:: Input for this task

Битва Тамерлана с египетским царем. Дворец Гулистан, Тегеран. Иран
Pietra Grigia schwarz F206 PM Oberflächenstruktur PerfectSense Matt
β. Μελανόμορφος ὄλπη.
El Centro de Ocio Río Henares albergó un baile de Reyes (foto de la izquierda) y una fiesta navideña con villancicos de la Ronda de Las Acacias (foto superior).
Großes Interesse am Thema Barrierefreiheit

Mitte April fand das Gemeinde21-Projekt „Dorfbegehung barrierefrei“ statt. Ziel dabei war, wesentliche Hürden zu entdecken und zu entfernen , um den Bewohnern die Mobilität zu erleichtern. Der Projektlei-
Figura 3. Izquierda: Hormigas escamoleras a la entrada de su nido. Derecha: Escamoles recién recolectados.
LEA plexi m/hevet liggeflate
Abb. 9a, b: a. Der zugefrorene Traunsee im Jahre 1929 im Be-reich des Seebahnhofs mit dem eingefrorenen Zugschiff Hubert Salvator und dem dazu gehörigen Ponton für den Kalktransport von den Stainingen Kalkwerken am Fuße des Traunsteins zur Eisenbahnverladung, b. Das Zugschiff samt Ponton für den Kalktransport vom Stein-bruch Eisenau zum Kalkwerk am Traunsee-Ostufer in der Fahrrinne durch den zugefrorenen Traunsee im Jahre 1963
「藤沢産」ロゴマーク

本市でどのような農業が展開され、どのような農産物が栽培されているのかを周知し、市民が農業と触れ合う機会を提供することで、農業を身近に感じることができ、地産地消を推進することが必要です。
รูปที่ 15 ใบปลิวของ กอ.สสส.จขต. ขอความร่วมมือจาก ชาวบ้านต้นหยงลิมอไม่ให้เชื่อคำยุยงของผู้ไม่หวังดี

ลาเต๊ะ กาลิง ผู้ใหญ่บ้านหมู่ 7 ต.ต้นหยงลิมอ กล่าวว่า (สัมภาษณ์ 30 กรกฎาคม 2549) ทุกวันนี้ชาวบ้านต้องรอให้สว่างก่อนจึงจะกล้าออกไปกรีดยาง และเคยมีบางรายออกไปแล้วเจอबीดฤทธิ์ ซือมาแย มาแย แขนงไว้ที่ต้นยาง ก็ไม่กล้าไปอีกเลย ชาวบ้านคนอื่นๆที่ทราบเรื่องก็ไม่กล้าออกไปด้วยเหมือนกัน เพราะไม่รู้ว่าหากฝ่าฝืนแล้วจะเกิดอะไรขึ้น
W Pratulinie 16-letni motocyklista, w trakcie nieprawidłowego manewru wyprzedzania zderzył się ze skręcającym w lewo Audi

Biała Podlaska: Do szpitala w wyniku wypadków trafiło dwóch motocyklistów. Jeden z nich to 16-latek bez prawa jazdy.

::::
:: Input for this task

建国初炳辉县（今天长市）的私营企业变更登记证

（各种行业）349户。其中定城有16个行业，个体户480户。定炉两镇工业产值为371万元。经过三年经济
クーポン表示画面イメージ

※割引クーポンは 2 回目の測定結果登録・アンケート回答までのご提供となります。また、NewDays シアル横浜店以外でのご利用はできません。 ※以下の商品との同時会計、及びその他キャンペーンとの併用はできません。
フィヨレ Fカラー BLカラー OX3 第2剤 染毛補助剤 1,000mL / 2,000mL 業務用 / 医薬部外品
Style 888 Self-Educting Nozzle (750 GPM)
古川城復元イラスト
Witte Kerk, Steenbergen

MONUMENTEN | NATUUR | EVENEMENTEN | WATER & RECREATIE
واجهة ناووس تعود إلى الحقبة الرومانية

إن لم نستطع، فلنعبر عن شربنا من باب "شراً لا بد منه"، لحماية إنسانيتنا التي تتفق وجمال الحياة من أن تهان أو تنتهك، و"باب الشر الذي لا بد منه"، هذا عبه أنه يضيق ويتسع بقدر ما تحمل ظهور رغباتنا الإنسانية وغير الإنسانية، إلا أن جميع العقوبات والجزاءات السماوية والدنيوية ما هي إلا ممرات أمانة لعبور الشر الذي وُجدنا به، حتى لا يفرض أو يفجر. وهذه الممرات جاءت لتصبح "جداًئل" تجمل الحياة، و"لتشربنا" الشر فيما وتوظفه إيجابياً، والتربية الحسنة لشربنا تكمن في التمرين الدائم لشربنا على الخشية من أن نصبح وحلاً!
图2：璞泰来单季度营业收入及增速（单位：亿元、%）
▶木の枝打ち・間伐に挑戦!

::::

*Work instruction*.
How many lines of the entries above hold the string "ชาวบ"? Reply with the number alone.

*Result of this exercise*.
2